Work required - When you transcribe the records that follow, reproduce each line exactly as given.
Information supplied Block Start
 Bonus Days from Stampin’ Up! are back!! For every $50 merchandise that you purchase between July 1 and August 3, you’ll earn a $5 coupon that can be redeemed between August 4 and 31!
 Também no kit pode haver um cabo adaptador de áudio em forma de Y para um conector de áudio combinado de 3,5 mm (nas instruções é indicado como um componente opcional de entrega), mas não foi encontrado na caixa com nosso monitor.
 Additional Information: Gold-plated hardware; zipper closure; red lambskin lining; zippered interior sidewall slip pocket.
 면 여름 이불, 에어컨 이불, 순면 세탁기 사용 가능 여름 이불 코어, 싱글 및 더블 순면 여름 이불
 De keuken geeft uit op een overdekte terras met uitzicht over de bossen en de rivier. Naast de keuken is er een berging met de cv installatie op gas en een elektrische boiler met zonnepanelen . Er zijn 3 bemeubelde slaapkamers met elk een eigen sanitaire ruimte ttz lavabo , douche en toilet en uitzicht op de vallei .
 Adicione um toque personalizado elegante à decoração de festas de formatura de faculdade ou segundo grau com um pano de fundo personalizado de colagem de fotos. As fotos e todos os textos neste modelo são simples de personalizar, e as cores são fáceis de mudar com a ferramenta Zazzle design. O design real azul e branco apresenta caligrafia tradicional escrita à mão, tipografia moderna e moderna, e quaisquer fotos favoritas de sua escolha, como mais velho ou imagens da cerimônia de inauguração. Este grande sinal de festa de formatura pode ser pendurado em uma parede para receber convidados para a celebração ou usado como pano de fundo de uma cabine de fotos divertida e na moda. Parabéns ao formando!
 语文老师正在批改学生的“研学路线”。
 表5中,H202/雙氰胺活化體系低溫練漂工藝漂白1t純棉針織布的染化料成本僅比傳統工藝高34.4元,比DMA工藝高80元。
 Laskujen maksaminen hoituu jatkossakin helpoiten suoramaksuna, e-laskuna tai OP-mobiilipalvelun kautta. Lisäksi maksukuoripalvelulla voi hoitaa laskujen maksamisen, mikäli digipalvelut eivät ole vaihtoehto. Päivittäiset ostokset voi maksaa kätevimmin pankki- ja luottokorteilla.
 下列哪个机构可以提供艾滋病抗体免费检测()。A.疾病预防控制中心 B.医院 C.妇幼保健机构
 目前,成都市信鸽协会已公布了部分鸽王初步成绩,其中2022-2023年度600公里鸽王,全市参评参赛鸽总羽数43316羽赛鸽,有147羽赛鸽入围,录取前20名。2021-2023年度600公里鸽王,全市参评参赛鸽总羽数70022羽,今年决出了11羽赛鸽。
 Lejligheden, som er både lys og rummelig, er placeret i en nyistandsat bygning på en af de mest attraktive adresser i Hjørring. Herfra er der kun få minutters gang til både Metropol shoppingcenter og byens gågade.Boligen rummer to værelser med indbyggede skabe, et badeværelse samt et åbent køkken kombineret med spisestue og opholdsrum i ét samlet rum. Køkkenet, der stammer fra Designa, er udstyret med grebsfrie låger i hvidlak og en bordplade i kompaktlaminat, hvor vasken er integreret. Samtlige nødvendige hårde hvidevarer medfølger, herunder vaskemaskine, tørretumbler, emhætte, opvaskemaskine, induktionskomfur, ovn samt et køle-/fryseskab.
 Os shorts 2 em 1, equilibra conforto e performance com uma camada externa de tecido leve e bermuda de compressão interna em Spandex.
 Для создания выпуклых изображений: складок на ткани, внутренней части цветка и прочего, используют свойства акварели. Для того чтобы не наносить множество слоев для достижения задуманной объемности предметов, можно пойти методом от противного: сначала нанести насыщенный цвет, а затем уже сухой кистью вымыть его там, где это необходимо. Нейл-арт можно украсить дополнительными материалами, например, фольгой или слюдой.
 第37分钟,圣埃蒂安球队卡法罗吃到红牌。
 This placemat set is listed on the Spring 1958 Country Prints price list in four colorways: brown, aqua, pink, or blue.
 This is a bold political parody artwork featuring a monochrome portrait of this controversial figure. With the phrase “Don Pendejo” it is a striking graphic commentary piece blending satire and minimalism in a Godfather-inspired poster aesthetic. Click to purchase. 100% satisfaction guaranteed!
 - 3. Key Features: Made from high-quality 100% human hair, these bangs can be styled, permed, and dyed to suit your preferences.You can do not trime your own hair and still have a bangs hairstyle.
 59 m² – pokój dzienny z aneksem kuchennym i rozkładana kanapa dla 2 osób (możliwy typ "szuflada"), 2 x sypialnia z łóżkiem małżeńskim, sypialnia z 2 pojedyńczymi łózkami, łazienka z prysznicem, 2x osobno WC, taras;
Information supplied Block End
Output for this task -
 Bonus Days from Stampin’ Up! are back!! For every $50 merchandise that you purchase between July 1 and August 3, you’ll earn a $5 coupon that can be redeemed between August 4 and 31!
 Também no kit pode haver um cabo adaptador de áudio em forma de Y para um conector de áudio combinado de 3,5 mm (nas instruções é indicado como um componente opcional de entrega), mas não foi encontrado na caixa com nosso monitor.
 Additional Information: Gold-plated hardware; zipper closure; red lambskin lining; zippered interior sidewall slip pocket.
 면 여름 이불, 에어컨 이불, 순면 세탁기 사용 가능 여름 이불 코어, 싱글 및 더블 순면 여름 이불
 De keuken geeft uit op een overdekte terras met uitzicht over de bossen en de rivier. Naast de keuken is er een berging met de cv installatie op gas en een elektrische boiler met zonnepanelen . Er zijn 3 bemeubelde slaapkamers met elk een eigen sanitaire ruimte ttz lavabo , douche en toilet en uitzicht op de vallei .
 Adicione um toque personalizado elegante à decoração de festas de formatura de faculdade ou segundo grau com um pano de fundo personalizado de colagem de fotos. As fotos e todos os textos neste modelo são simples de personalizar, e as cores são fáceis de mudar com a ferramenta Zazzle design. O design real azul e branco apresenta caligrafia tradicional escrita à mão, tipografia moderna e moderna, e quaisquer fotos favoritas de sua escolha, como mais velho ou imagens da cerimônia de inauguração. Este grande sinal de festa de formatura pode ser pendurado em uma parede para receber convidados para a celebração ou usado como pano de fundo de uma cabine de fotos divertida e na moda. Parabéns ao formando!
 语文老师正在批改学生的“研学路线”。
 表5中,H202/雙氰胺活化體系低溫練漂工藝漂白1t純棉針織布的染化料成本僅比傳統工藝高34.4元,比DMA工藝高80元。
 Laskujen maksaminen hoituu jatkossakin helpoiten suoramaksuna, e-laskuna tai OP-mobiilipalvelun kautta. Lisäksi maksukuoripalvelulla voi hoitaa laskujen maksamisen, mikäli digipalvelut eivät ole vaihtoehto. Päivittäiset ostokset voi maksaa kätevimmin pankki- ja luottokorteilla.
 下列哪个机构可以提供艾滋病抗体免费检测()。A.疾病预防控制中心 B.医院 C.妇幼保健机构
 目前,成都市信鸽协会已公布了部分鸽王初步成绩,其中2022-2023年度600公里鸽王,全市参评参赛鸽总羽数43316羽赛鸽,有147羽赛鸽入围,录取前20名。2021-2023年度600公里鸽王,全市参评参赛鸽总羽数70022羽,今年决出了11羽赛鸽。
 Lejligheden, som er både lys og rummelig, er placeret i en nyistandsat bygning på en af de mest attraktive adresser i Hjørring. Herfra er der kun få minutters gang til både Metropol shoppingcenter og byens gågade.Boligen rummer to værelser med indbyggede skabe, et badeværelse samt et åbent køkken kombineret med spisestue og opholdsrum i ét samlet rum. Køkkenet, der stammer fra Designa, er udstyret med grebsfrie låger i hvidlak og en bordplade i kompaktlaminat, hvor vasken er integreret. Samtlige nødvendige hårde hvidevarer medfølger, herunder vaskemaskine, tørretumbler, emhætte, opvaskemaskine, induktionskomfur, ovn samt et køle-/fryseskab.
 Os shorts 2 em 1, equilibra conforto e performance com uma camada externa de tecido leve e bermuda de compressão interna em Spandex.
 Для создания выпуклых изображений: складок на ткани, внутренней части цветка и прочего, используют свойства акварели. Для того чтобы не наносить множество слоев для достижения задуманной объемности предметов, можно пойти методом от противного: сначала нанести насыщенный цвет, а затем уже сухой кистью вымыть его там, где это необходимо. Нейл-арт можно украсить дополнительными материалами, например, фольгой или слюдой.
 第37分钟,圣埃蒂安球队卡法罗吃到红牌。
 This placemat set is listed on the Spring 1958 Country Prints price list in four colorways: brown, aqua, pink, or blue.
 This is a bold political parody artwork featuring a monochrome portrait of this controversial figure. With the phrase “Don Pendejo” it is a striking graphic commentary piece blending satire and minimalism in a Godfather-inspired poster aesthetic. Click to purchase. 100% satisfaction guaranteed!
 - 3. Key Features: Made from high-quality 100% human hair, these bangs can be styled, permed, and dyed to suit your preferences.You can do not trime your own hair and still have a bangs hairstyle.
 59 m² – pokój dzienny z aneksem kuchennym i rozkładana kanapa dla 2 osób (możliwy typ "szuflada"), 2 x sypialnia z łóżkiem małżeńskim, sypialnia z 2 pojedyńczymi łózkami, łazienka z prysznicem, 2x osobno WC, taras;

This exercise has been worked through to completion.